There is an integer array which has the following features:

The numbers in adjacent positions are different. A[0] < A[1] && A[A.length - 2] > A[A.length - 1]. We define a position P is a peek if:

A[P] > A[P-1] && A[P] > A[P+1] Find a peak element in this array. Return the index of the peak.

Notice

The array may contains multiple peeks, find any of them.

Basic Idea:

在给定数组中找比左右邻居大的数。
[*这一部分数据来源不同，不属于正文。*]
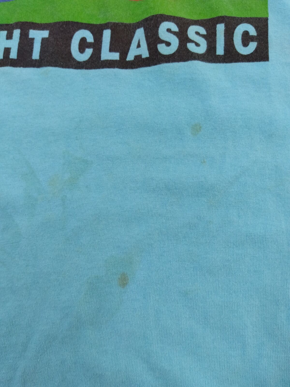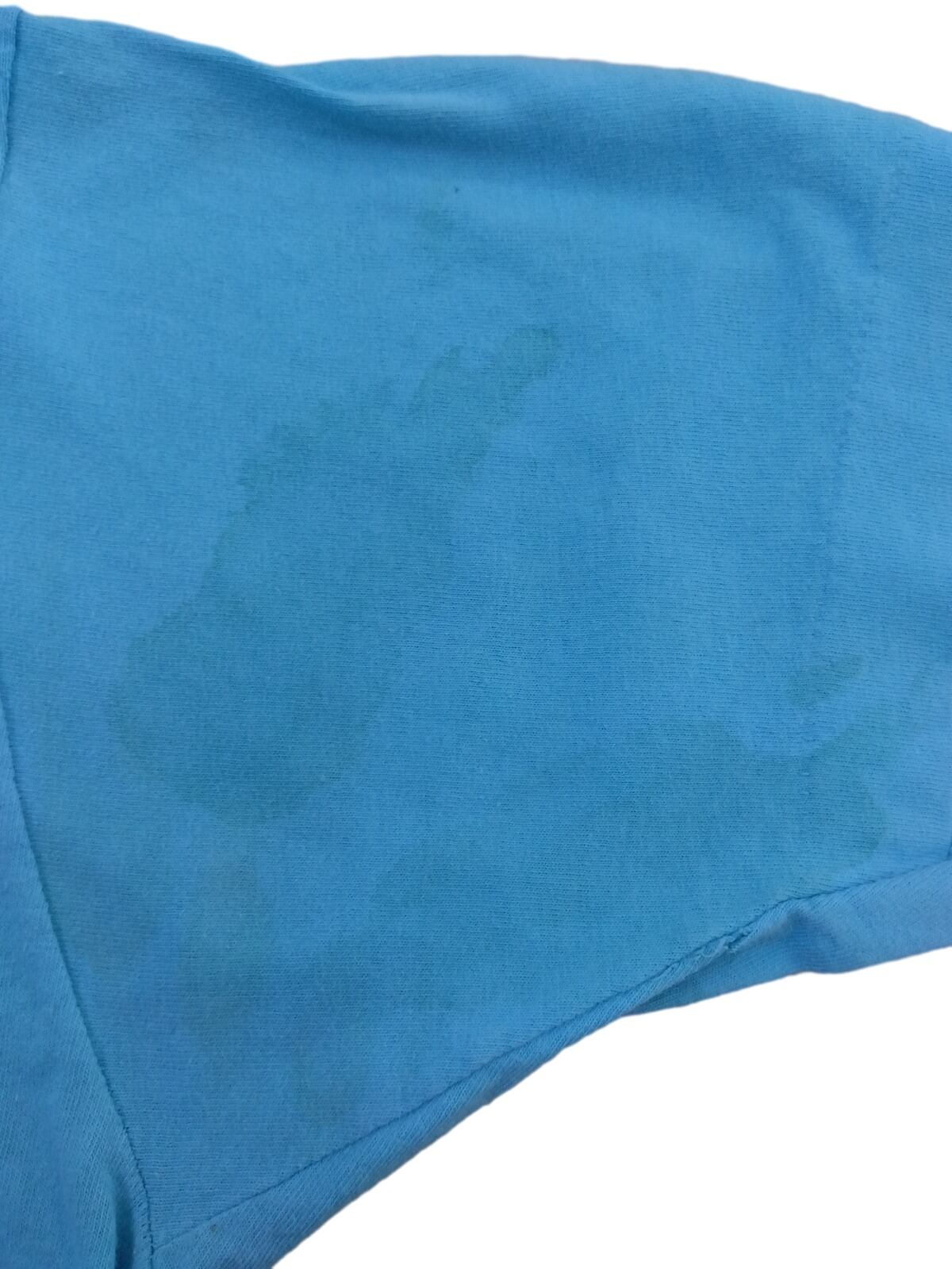 背面のRocky's Pizzeriaプリントから、地場のスポンサーやローカルイベント配布のワークシャツ的な背景がうかがえる。

而且这个数组一定是先升后降，中间可能会有多个拐点，相邻的数字都不同。

解题思路是利用二分法，如果q在上升中，就左边逼近，如果在下降，就右边逼近，这样一定可以找到一个峰。

Java Code：

    class Solution {
        /**
         * @param A: An integers array.
         * @return: return any of peek positions.
         */
        public int findPeak(int[] A) {
            // write your code here
            if (A == null || A.length < 3) return -1;
            int p = 0, r = A.length - 1;
            while (p + 1 < r) {
                int q = p + (r - p) / 2;
                if (A[q] - A[q - 1] > 0) p = q;
                if (A[q + 1] - A[q] < 0) r = q;
                else p = q;
            }
            return A[p] > A[r] ? p : r;
        }
    }

update Sep 16 2018, 16:53

Update: LeetCode 版本

LeetCode上面的版本不保证最左和最右一定不是解，也不保证input array的size是大于等于3的，所以在二分法之前需要进行一些特判。

• Java Code:

  class Solution {
    public int findPeakElement(int[] nums) {
        if (nums.length == 1) return 0;
        else if (nums[0] > nums[1]) return 0;
        else if (nums[nums.length - 1] > nums[nums.length - 2]) return nums.length - 1;
        int left = 1, right = nums.length - 2;
        while (left + 1 < right) {
            int mid = left + (right - left) / 2;
            if (nums[mid - 1] < nums[mid] && nums[mid] < nums[mid + 1]) {
                left = mid;
            } else {
                right = mid;
            }
        }
        if (nums[left] > nums[left - 1] && nums[left] > nums[left + 1]) return left;
        else return right;
    }
  }